== MATERIAL PROVIDED ==
-- Opening Marker --

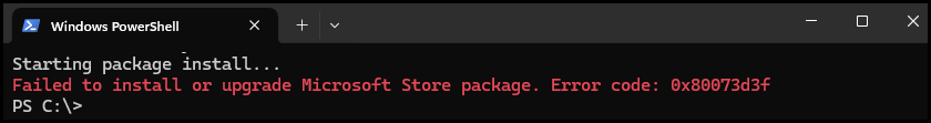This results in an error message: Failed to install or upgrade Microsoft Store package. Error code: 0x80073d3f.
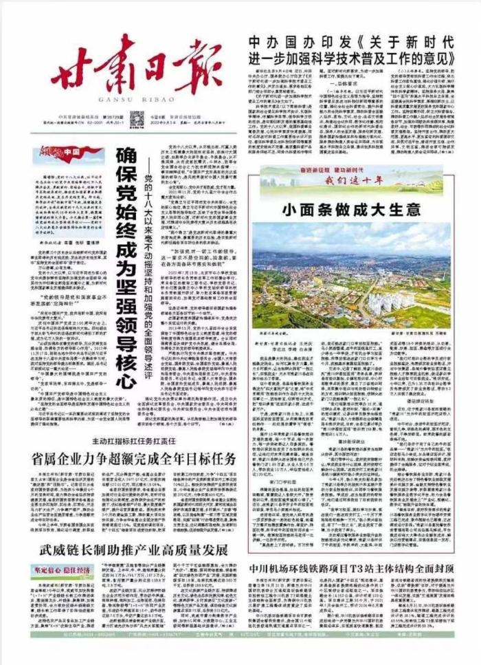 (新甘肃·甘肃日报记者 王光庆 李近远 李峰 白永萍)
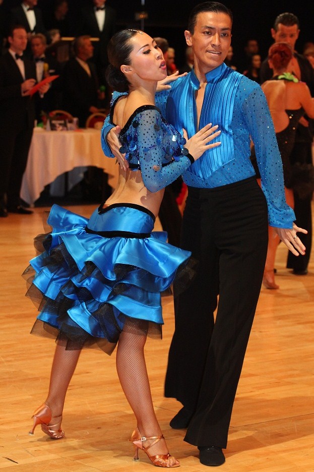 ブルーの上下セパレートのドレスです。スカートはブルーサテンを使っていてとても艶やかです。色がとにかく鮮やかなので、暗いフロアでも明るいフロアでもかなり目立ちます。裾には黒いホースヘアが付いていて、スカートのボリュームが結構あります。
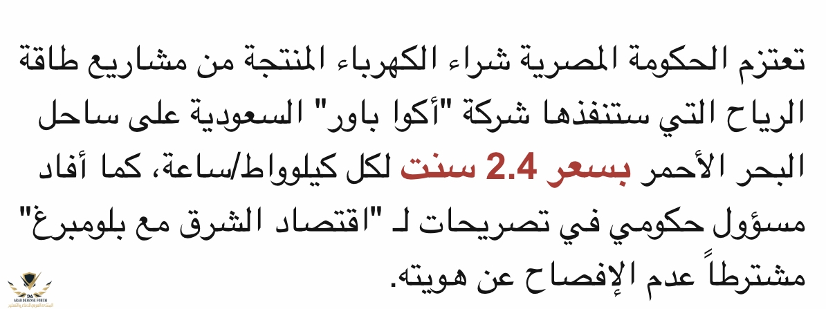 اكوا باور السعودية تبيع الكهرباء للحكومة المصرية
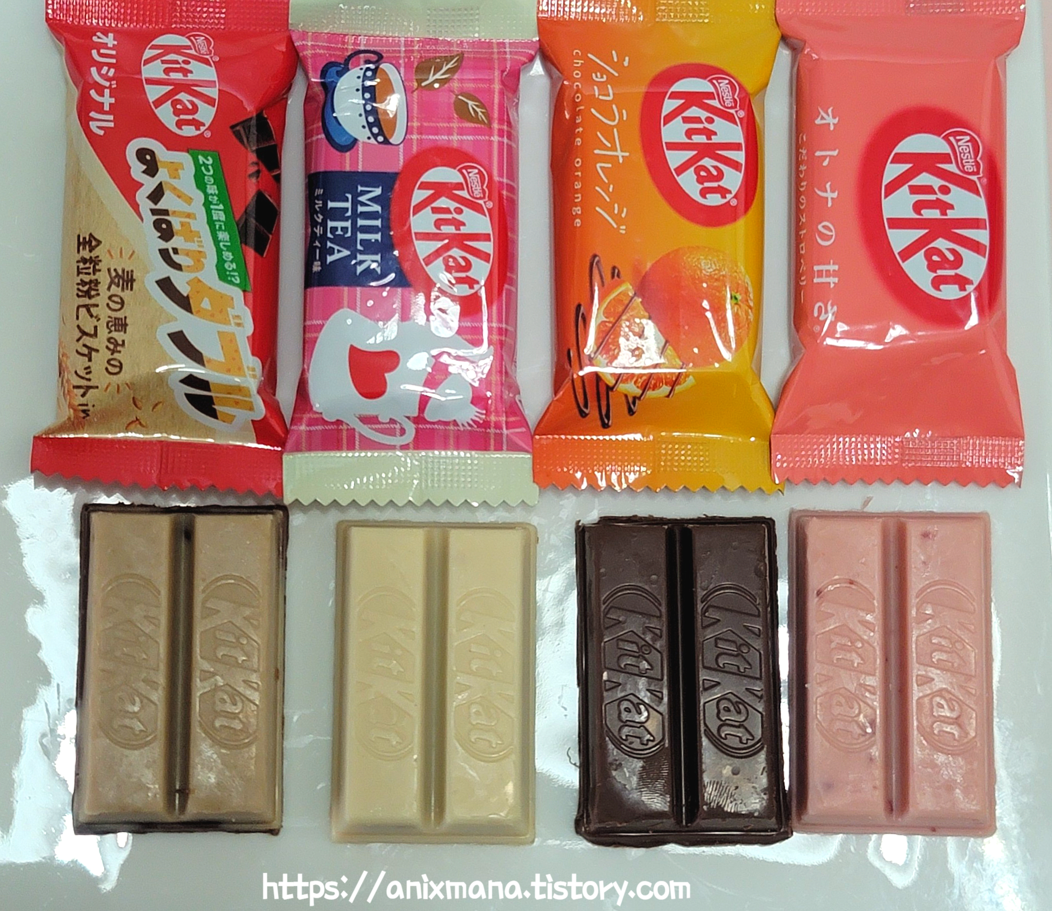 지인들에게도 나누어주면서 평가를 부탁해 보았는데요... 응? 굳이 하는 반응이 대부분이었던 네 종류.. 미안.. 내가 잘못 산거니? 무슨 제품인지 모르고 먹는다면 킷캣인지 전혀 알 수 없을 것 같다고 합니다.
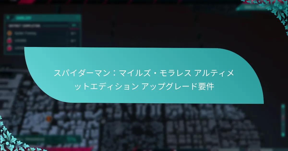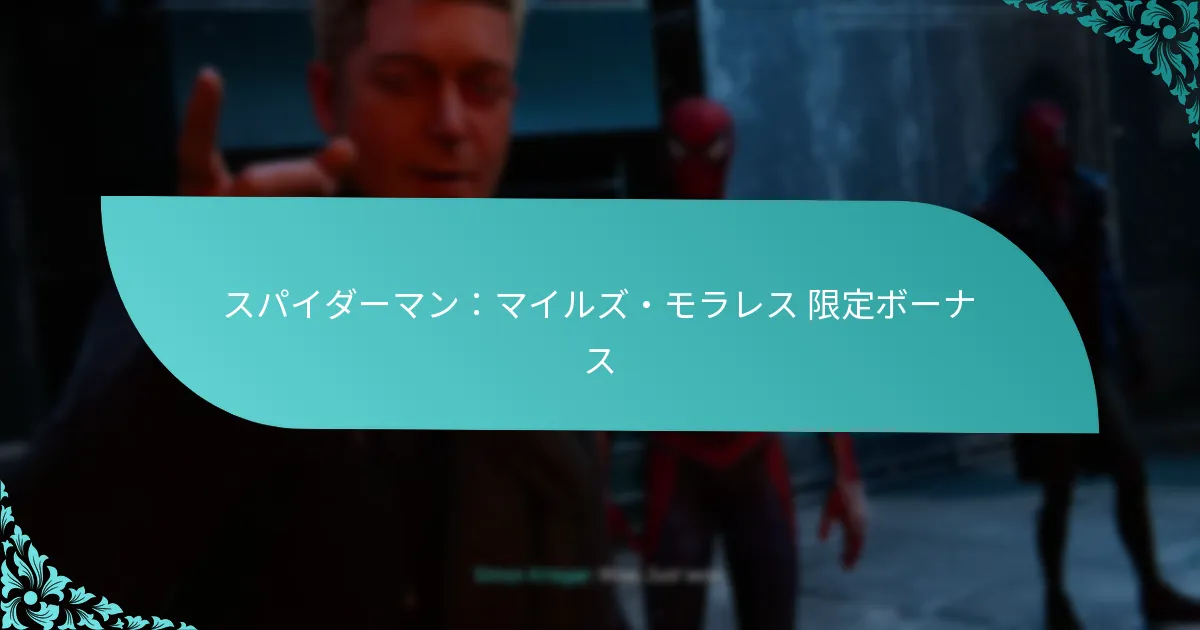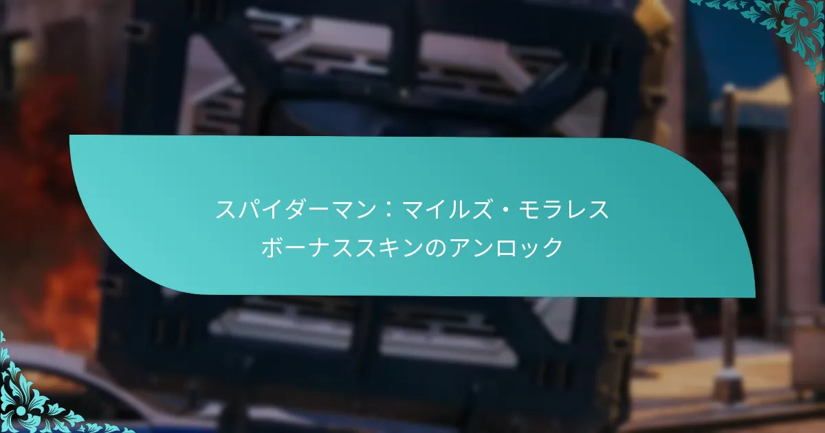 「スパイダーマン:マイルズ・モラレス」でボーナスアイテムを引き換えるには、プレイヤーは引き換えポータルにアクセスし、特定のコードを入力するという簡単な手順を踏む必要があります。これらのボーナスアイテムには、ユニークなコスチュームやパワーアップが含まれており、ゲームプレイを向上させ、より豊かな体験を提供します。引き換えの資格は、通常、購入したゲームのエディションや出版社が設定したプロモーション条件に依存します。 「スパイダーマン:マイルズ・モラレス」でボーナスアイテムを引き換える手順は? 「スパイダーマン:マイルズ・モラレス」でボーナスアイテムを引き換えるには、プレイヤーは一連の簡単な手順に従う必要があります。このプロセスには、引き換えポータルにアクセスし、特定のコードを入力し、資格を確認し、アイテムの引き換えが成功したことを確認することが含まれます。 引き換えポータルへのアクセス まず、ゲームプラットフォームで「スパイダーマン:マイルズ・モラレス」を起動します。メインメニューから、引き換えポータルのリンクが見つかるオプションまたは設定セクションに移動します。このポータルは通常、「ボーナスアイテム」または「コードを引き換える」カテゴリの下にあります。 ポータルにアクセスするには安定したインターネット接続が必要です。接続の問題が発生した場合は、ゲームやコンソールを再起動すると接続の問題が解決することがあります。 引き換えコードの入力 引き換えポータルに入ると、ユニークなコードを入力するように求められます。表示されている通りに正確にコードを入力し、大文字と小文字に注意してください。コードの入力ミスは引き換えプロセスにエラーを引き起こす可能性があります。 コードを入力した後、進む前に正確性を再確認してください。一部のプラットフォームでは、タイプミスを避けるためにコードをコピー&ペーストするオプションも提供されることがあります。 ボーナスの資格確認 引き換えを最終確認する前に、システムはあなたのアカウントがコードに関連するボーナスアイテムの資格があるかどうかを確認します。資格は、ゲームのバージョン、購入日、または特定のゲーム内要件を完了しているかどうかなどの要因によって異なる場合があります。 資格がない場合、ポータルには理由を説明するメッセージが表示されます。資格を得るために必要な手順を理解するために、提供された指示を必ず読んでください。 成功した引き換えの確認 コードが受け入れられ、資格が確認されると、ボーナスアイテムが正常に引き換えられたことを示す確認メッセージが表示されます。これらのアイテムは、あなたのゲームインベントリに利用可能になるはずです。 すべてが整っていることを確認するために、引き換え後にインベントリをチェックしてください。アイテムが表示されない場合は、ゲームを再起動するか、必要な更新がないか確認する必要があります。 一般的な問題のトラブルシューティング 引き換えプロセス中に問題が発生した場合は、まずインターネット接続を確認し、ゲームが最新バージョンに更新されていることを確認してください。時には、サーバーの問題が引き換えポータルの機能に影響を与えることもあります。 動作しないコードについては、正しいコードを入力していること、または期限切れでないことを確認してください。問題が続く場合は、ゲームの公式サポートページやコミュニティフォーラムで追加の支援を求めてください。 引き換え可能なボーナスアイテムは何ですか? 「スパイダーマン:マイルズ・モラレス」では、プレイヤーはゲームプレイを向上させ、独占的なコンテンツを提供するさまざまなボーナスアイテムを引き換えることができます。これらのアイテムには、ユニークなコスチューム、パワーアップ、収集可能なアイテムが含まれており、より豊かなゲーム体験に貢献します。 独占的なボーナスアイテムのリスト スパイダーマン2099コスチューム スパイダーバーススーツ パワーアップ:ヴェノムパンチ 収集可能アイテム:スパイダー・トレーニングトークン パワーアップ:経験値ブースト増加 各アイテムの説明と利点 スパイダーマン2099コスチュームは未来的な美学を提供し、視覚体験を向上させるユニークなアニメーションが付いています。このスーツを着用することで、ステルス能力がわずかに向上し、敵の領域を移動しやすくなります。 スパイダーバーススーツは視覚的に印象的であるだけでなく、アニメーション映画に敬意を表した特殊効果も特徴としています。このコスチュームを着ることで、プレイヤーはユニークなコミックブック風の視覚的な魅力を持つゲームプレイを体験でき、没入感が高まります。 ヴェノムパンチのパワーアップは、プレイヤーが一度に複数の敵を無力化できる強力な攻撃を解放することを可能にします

-- Closing Marker --
-- Opening Marker --

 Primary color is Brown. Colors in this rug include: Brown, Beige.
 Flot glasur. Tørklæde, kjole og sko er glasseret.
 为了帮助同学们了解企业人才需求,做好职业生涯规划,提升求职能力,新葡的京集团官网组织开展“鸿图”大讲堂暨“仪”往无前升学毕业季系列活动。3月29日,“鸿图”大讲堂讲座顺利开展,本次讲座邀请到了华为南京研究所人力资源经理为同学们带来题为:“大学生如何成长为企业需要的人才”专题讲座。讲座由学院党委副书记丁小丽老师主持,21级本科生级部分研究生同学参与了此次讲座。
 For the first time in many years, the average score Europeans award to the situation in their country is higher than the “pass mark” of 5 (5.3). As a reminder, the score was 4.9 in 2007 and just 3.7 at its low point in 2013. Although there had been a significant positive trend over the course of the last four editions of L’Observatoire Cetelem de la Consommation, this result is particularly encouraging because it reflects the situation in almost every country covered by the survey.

-- Closing Marker --
-- Opening Marker --

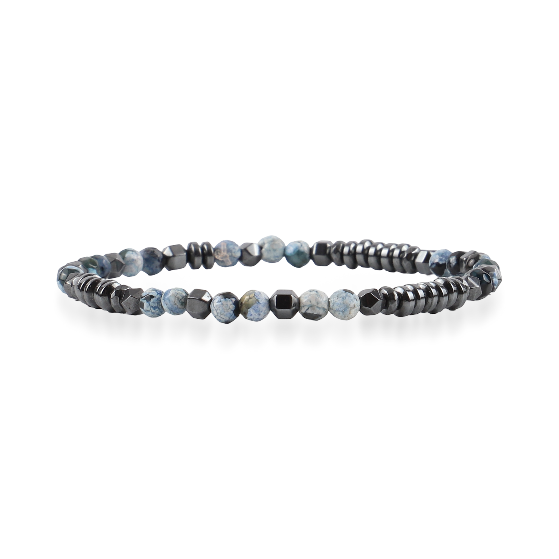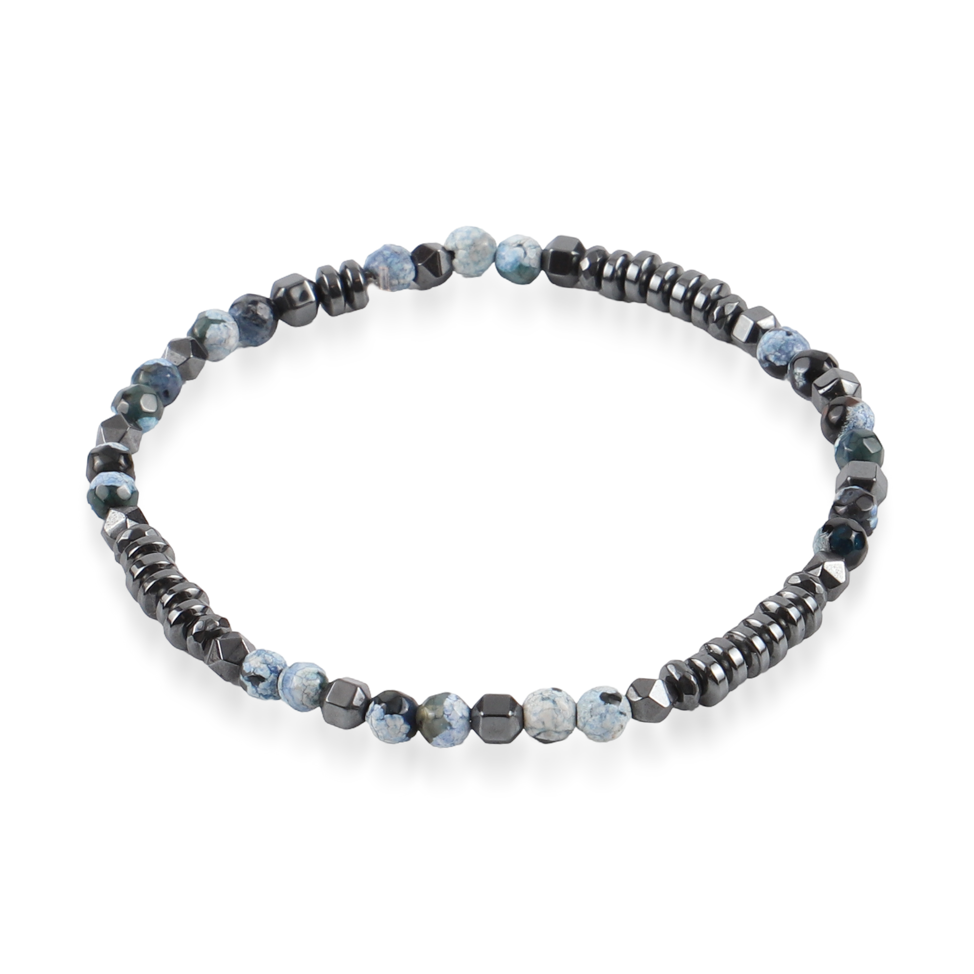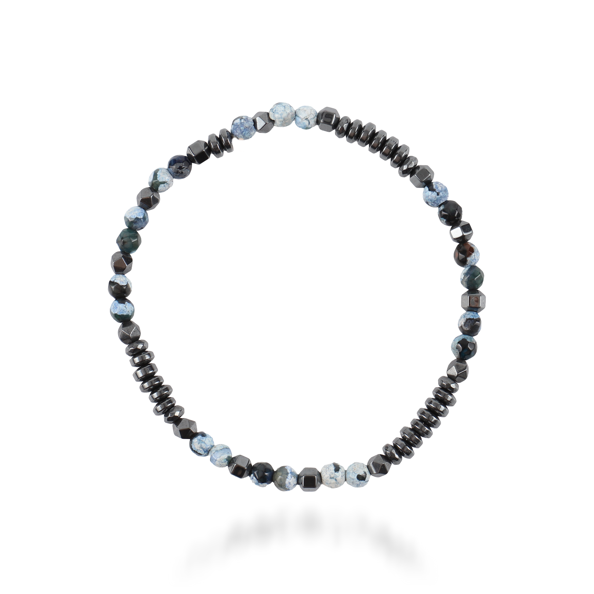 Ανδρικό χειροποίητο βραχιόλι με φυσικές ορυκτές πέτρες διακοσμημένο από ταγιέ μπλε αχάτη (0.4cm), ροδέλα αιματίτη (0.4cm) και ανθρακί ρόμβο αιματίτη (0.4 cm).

-- Closing Marker --

== TASK INSTRUCTIONS ==
Please return the material above only from the line that holds "This results in" through the line that holds "اكوا باور السعودية", exactly as it stands, ends included and pictures omitted.

== REPLY ==
This results in an error message: Failed to install or upgrade Microsoft Store package. Error code: 0x80073d3f.
 (新甘肃·甘肃日报记者 王光庆 李近远 李峰 白永萍)
 ブルーの上下セパレートのドレスです。スカートはブルーサテンを使っていてとても艶やかです。色がとにかく鮮やかなので、暗いフロアでも明るいフロアでもかなり目立ちます。裾には黒いホースヘアが付いていて、スカートのボリュームが結構あります。
 اكوا باور السعودية تبيع الكهرباء للحكومة المصرية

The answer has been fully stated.